For some agencies, this is an opportunity. For others, it is a growth ceiling. The difference often comes down to a single decision: how to handle web development.
This article documents the journey of a Belgian SEO agency that chose to answer that question through a white-label partnership. In 6 months, its active client portfolio grew from 8 to 24. Here is what happened, how, and what changed.
Methodology note: the agency shared its data on the condition of anonymity. The figures presented are real. The agency name and client names have been changed.
The starting point
In January 2025, the Synteza agency had three SEO consultants, a part-time project manager, and an "on-call when needed" relationship with two freelance developers.

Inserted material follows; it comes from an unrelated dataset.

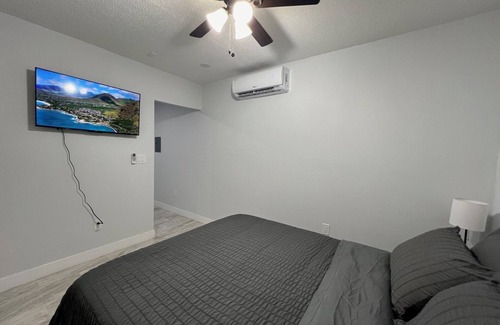 This is a private guest suite with its own entrance, bathroom, and all essential appliances (Coffee Maker, Fridge, Microwave, TV and more). Guests are also provided high speed Wi-Fi, a Roku device with YouTube, Netflix, Hulu, and many TV channels through Sling. 10 minutes away from UCF, 20 minutes away from the Airport, less than 30 minutes away from Universal, Disney World and the International Drive outlets.

Founded in 2021 in Liège, Synteza had positioned itself to serve French-speaking Belgian SMEs looking to improve their Google visibility. Over four years, the agency had built a solid reputation, proven methods and a portfolio of 8 recurring clients.
The problem: 8 recurring clients with audits, monthly reports and technical recommendations was already close to the team's maximum capacity. Every time a client wanted to launch or rebuild a website, Synteza had to run informal tender processes with its two freelancers, manage deadlines, handle the technical interface and absorb unexpected issues.
The Synteza team in January 2025
3 SEO consultants (including 1 senior), 1 project manager at 50%, 2 freelance developers on occasional subcontracting basis. Monthly revenue: 18,000 euros. Active clients: 8.
Projects declined over the previous 12 months
7 site rebuild or creation requests declined due to lack of capacity. Estimated value: 35,000 to 42,000 euros in missed revenue. 3 clients moved to a competing agency for this reason.
Over the 12 months preceding the partnership, Synteza had declined or redirected 7 web development requests due to lack of production capacity. The managing director estimates that 3 of those clients subsequently signed with a competing agency offering a complete SEO and development package.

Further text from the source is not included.